Scientific Beta

Factor investing has never been as popular as it is today. However, with the propagation of this type of investment approach, the equity space is becoming increasingly saturated with more and more factors that are ever more removed from academically-grounded research. This paper discusses factor definitions used in investment products and analytic tools offered to investors and contrasts them with the standard academic factors. It also outlines why the methodologies used in practice pose a high risk of ending up with irrelevant factors.

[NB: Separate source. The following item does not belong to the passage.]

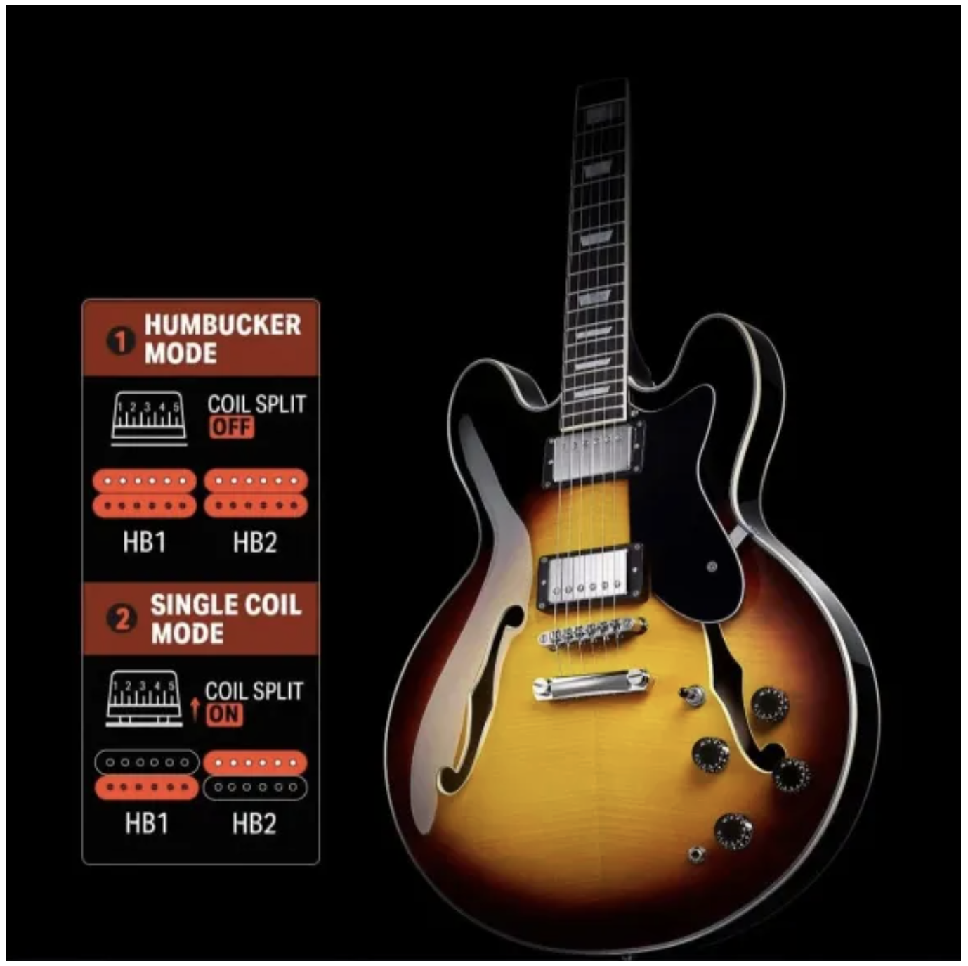 Guitarens to humbuckere leverer klassiske, varme toner med dybde og punch. Den indbyggede coil split-funktion (push/pull på tonekontrol) giver dig mulighed for at veksle til klarere single coil-lyde – ideelt til både rytmisk spil og jazzede melodier. Alt styres nemt via den 3-vejs pickupskifter.

Factor investing has never been as popular as it is today. However, with the propagation of this type of investment approach, the equity space is becoming increasingly saturated with more and more factors that are ever more removed from academically-grounded research. In a bid to maintain their apparent competitive advantage and to show that they are still delivering alpha, commercial index providers and asset managers have respectively embarked on a factor finding process that has resulted in the discovery of tens, hundreds or even thousands of factors. However, proprietary factor definitions and analytic toolkits produce non-standard factors, and this can lead to unintended exposures and misunderstandings surrounding the associated risk exposures. The further away they are from academically-validated research, the more spurious and redundant proprietary factor definitions may be. Investors can choose to rely on standard factors that have survived the scrutiny of countless empirical studies and have been independently replicated and validated. Alternatively, they can choose to forego this free due diligence and take on the risk of selecting a provider-specific factor definition, which is somewhat similar to taking on the risk of selecting an active manager. Scientific Beta’s research is underpinned by academic principles and aims to remind the investment community of the original promise of factor investing.